After The Daily Beast asked Fletcher about that video and its claims, it was removed from the web. (The Daily Beast downloaded a copy of the video before it was taken down.)
The apparently political nature of MotiveAI’s ad campaign last year led the Foundation for Accountability and Civic Trust, a right-leaning watchdog group, to lodge a complaint with the Federal Election Commission. The group alleged that News for Democracy, one of the LLCs that MotiveAI had used to pay for political ads on Facebook, had failed to disclose what amounted to outright political advocacy, as required by law.
FACT’s complaint identified a number of ads on pages geared towards states with competitive 2018 Senate contests, including North Dakota, Florida, and Tennessee. Most of them appeared to be what the FEC considers “electioneering communications,” or ads mentioning a candidate for office, but that don’t explicitly advocate for the election or defeat of that candidate. Some of them, though, seemed to cross that line into “express advocacy,” or explicit calls for a vote for a particular candidate or political party. One ad on the page Sounds like Tennessee, for instance, declared, “I’ll be voting Democrat in the midterm elections on November 6.”
But FACT’s complaint failed to grapple with a key question, according to Brendan Fischer, the director of federal and FEC reform programs at the Campaign Legal Center.
The complaint “doesn’t show that these ads would not qualify for the media exemption,” Fischer explained. “The FEC correctly gives broad latitude to media, so to argue that an organization calling itself ‘News for Democracy’ should be subject to campaign finance regulation would require showing that the entity is not a legitimate press entity, or that it is not acting in its legitimate press function when running these ads. The complaint doesn’t do that.”
In 2020, Versa is not taking chances that groups like FACT may tighten their FEC complaints. It's recasting its approach to make it closer to that of a news organization, which should, in turn, make arguments that it is engaged in surreptitious politicking more difficult to mount.
That divide between news and political content is one with which Facebook itself has been forced to grapple as it attempts to make its role as a political advertising platform more transparent. The company rolled out a searchable database of political ads last spring, and quickly faced criticism over its classification of some news content as political advertising.

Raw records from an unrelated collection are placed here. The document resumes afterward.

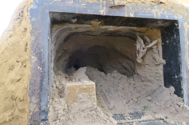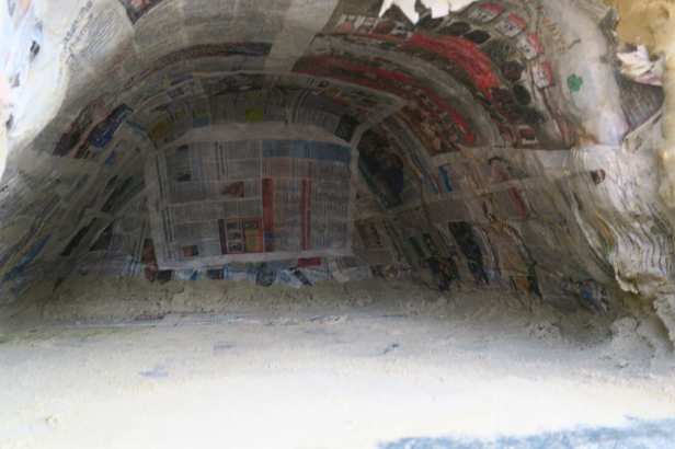 Die Zeitung hat ihre Trennaufgabe zwischen Sand und Lehm sehr gut erfüllt, nachdem der meiste Sand weg war, klebte nur noch sie noch an der Innenwand des Ofens:
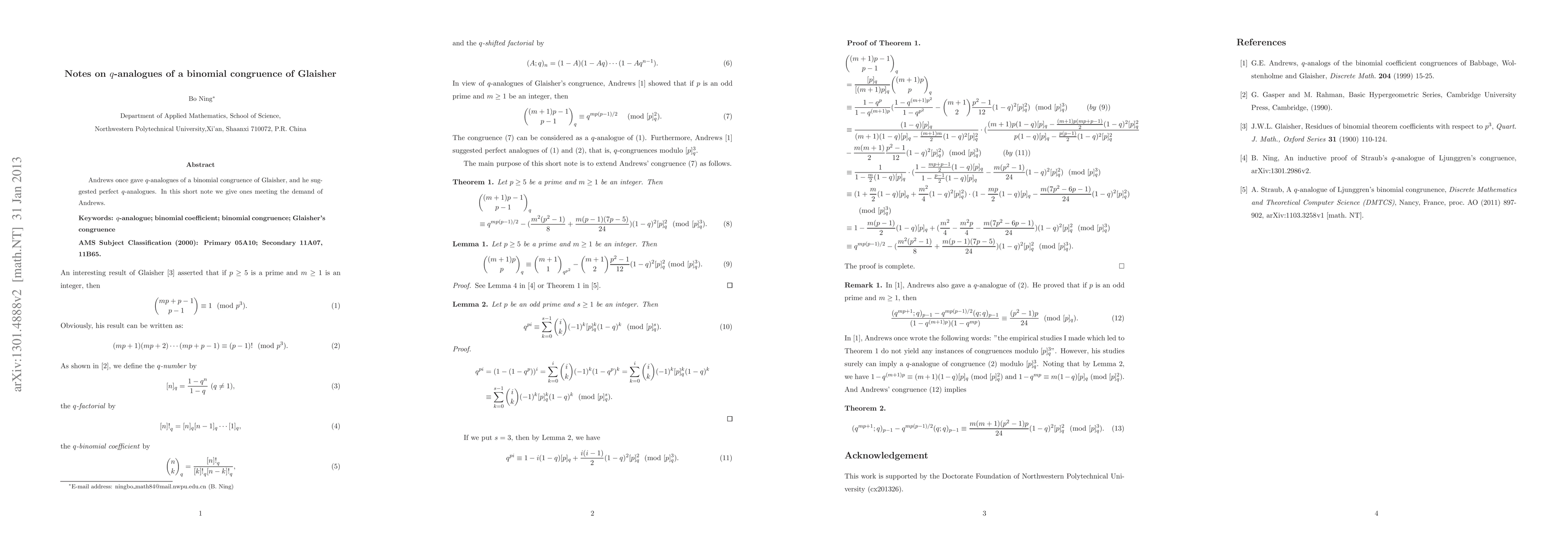Researchers provide $q$-analogues of a binomial congruence of Glaisher, meeting Andrews' demand for perfect analogues, advancing knowledge in combinatorial mathematics.
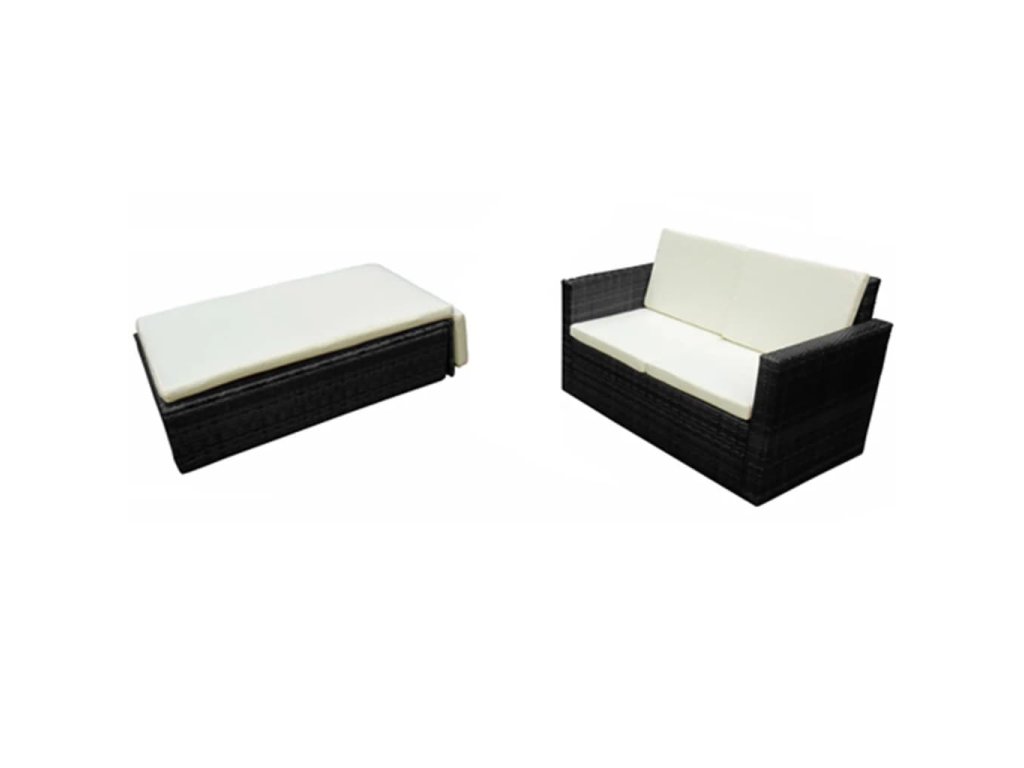 Balení obsahuje jednu 2místnou pohovku, jednu stoličku a pět podušek. Poznámka: Doporučujeme soupravu v dešti, sněhu a mrazu přikrýt.

MotiveAI has already faced some scrutiny from Facebook over how it delivers its advertising. In January, the Washington Post reported that the company was investigating News for Democracy and other MotiveAI-affiliated pages over allegations that their ad campaigns misrepresented the interests behind them.
At the same time, Hoffman, the main MotiveAI investor, has come under intense scrutiny over his backing of separate Facebook ad campaigns that sought to falsely tie the 2017 Senate candidacy of Roy Moore (R-AL) to nonexistent Russian government actors.
MotiveAI’s history last cycle, and the controversy that has bedeviled a number of Facebook advertisers since last year, including MotiveAI itself, has prompted the company’s new political advertising property to put a premium on transparency.
Versa, Fletcher noted, will be operating parallel to—though, he insists, completely separate from—MotiveAI’s more explicitly partisan work as a political vendor. There will be a “strict firewall,” he said, between Versa’s news operation and MotiveAI’s work for its clients.
“What I learned from the experience in the fall was that people on Facebook have an expectation of more transparency from where their political info or news is coming from,” Fletcher said. “We’re not trying to hide who’s behind it, and the positioning of it is we’re going to put out all the information about what we believe and what we want to see happen and you’ll either trust us or you won’t.”